The remaining parts, four through seven, however, contain fifteen chapters marshalled in a different scheme. These chapters constitute a lexicon of Hindu categories, each one under the heading of a single Sanskrit word. The editors have attempted to locate what is "classical" and enduring in Hindu culture with clusters of key terms. Dharma, artha, kama, and moksa, the four "life-deals," the caturvarga or purusartha that makes a natural set to open this lexicon, merit a chapter each. Titled "Cosmic Order and Human Goals," this part covers the successive pursuits of dharma, worldly goods, pleasure or desire, and liberation, explored respectively by Barbara Holdrege, Hartmut Scharfe, Dermot Killingley, and Klaus Klostermaier.

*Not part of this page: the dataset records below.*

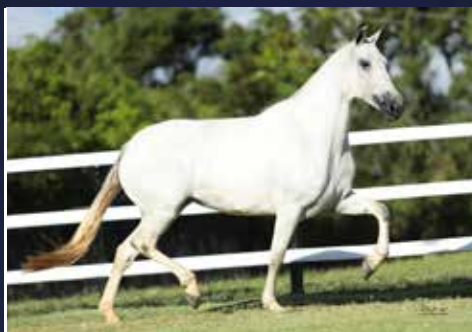
03B - NATA DO QUELÉ

(RADAR DE ANCHIETA X GÔNDOLA DO CONTORNO)
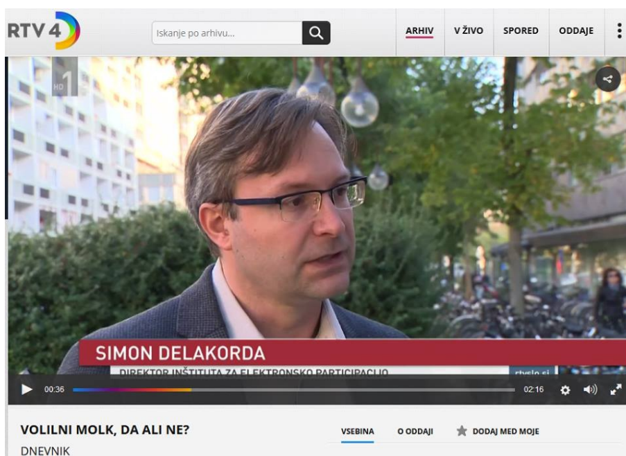
Izjava za TVSLO1 Dnevnik Volilni molk, da ali ne? , 21. oktober 2017.
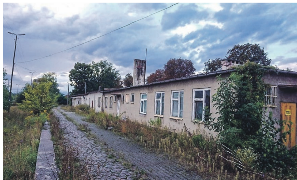
Podupadający budynek dawnych odpraw celnych w Tuplicach (lato 2020 r.)
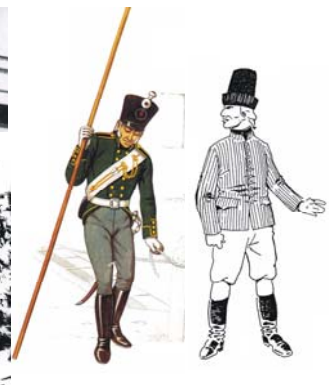
Leinwandponton, Brückenbau, russische Pioniere in Dienst- und Arbeitsuniform

Am 31. Dezember gegen 4 Uhr nachmittags traf Blücher in Kaub ein. Der Anmarsch der Truppe vollzog sich Brigadeweise von Weisel herab durch das enge Tal nach Kaub zu. Der
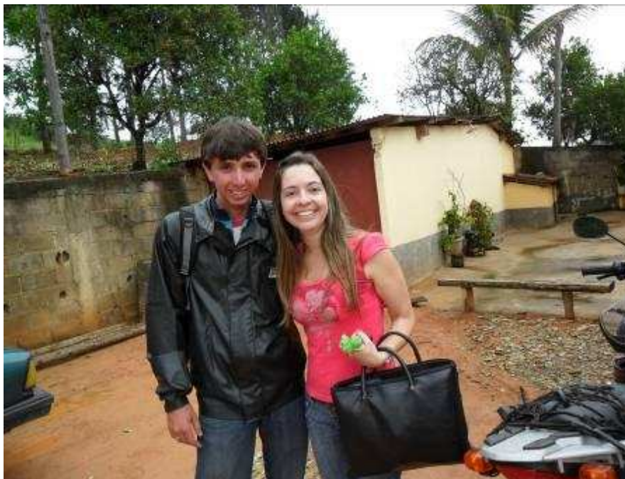
Foto 26 ACS acompanha uma entrevista realizada na Comunidade Serra da Galdina (município de Carangola).
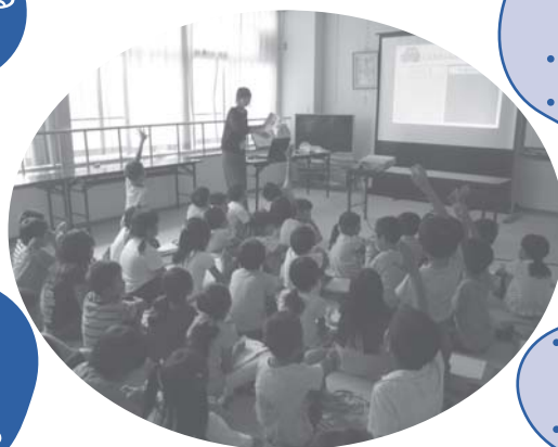
▲積極的に意見を発表する子どもたち
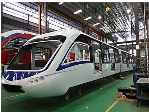
Material Rodante – Contrato em reorganização.
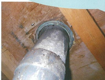
キッチンの水漏れ
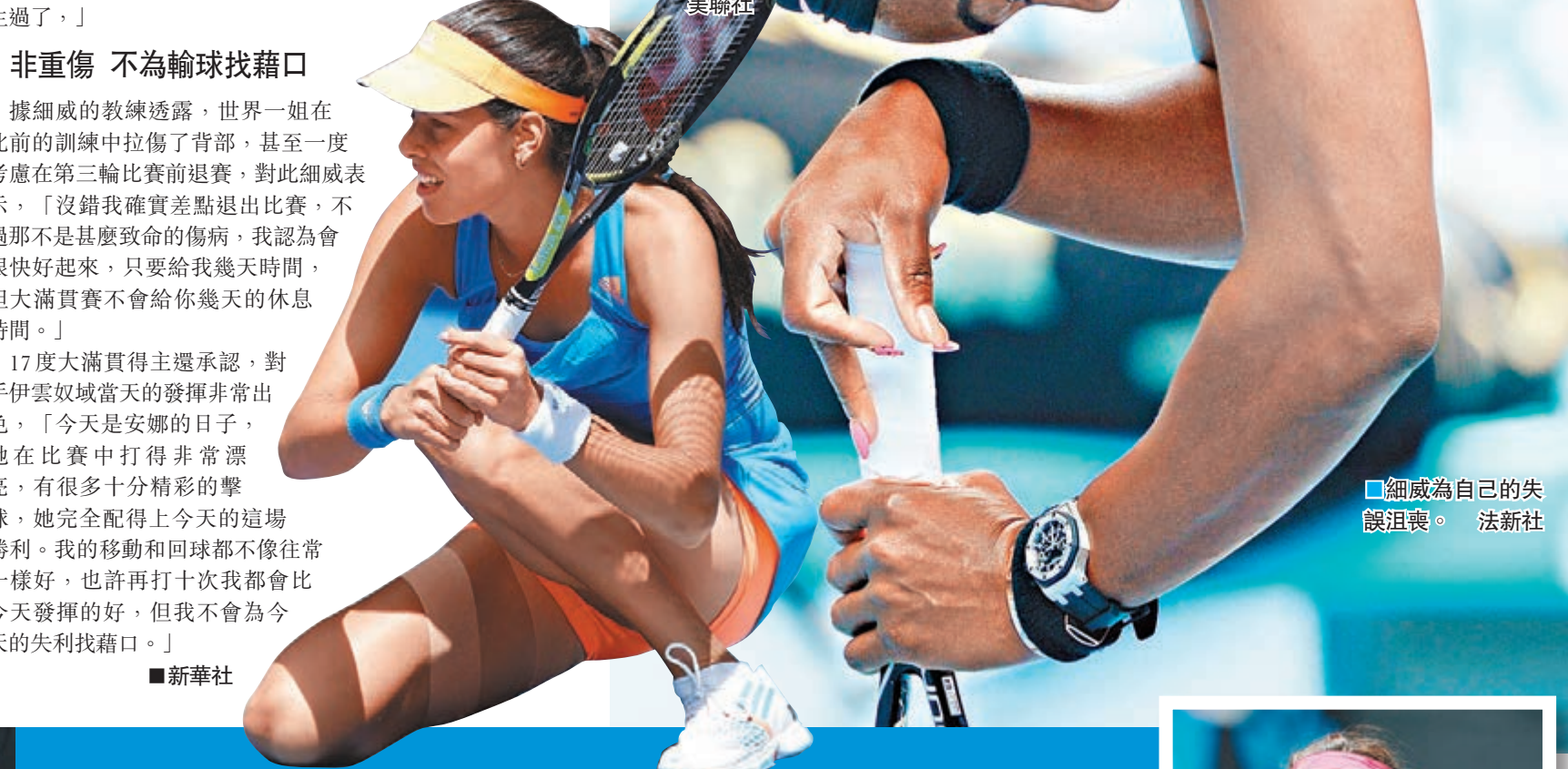
細威為自己的失誤沮喪。

Part five, "Social Action and Social Structure," contains another four chapters, devoted to karma, samskara, varna and jati, and asrama. The authors of these essays on action and its consequences, life-cycle rites, class and caste (or "birth networks"), and stages of life are, respectively, Herman Tull, Mary McGee, McKim Marriott, and Walter Kaelber. The sixth part, "Vitality in Persons and in...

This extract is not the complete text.